In any case, Ranveer Singh can't convincingly deny a common ground between politics and the entertainment industry.

Think about the glamourized PSAs starring Akshay Kumar -- the so-called 'poster boy' of Swachha Bharat in Bollywood. Or Vicky Kaushal who recently gave many in the government a new catchphrase and a new favourite film in 'Uri'.

But that is not where the problem lies.It lies perhaps, in the casual flippancy with which the actors proclaim that they are "happy bunnies" who wake up in the morning and sing "bolo Azadi" because they like the "energy" and "melody" of the song. Not all who have chanted "Azadi" have had that kind of privilege.

But, so what if "Azadi", which was foremost a call for women's emancipation even before it became the hitherto war cry for students in 2016, is a peppy a Bollywood number now?

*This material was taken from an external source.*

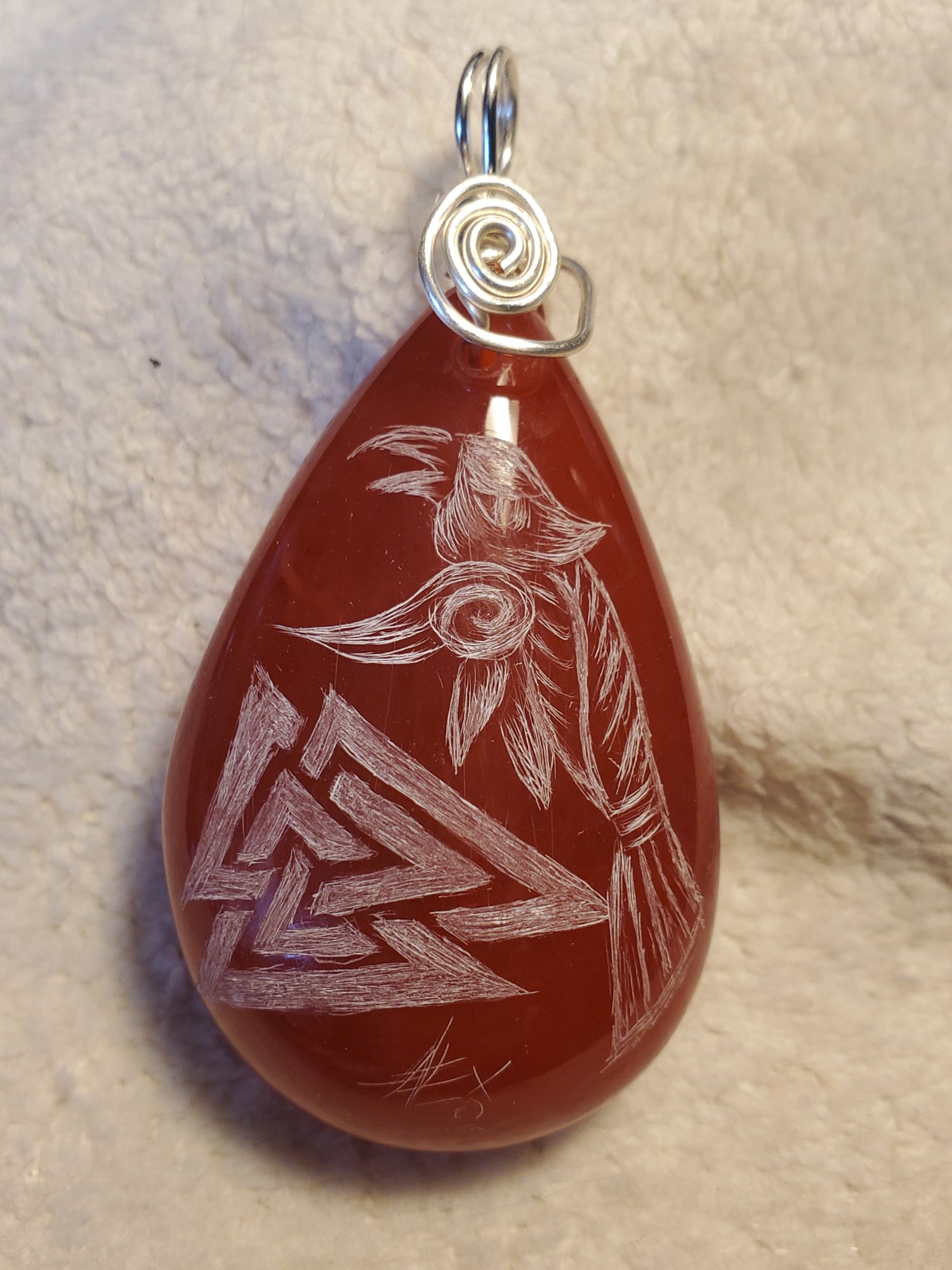 #ATSGalleries, #AlextheScribe,, #drifasleap, #pendant, #Odin, #Raven, #Amber, #handcarved

Is it belittling all the movements that have been given a voice by the call for freedom? Not really. The symbols and institutions that have used the chant represent a greater endurance and history and the loss of one symbol is not enough to blot out the heritage of dissent. Not as much as the BJP and the Congress co-opting the slogan for petty campaigning, anyway.

And films and music are some of the best forms of dissent in any case so maybe it's a good thing that Zoya Akhtar appropriated the chant and made it more resonant with a larger audience. The song itself is lyrically impressive and reflects to some extent what the chant is meant to symbolise in reality. Perhaps she should have given her "apolitical" actors a memo on appropriate responses to questions on the political nature of the very political music of her film.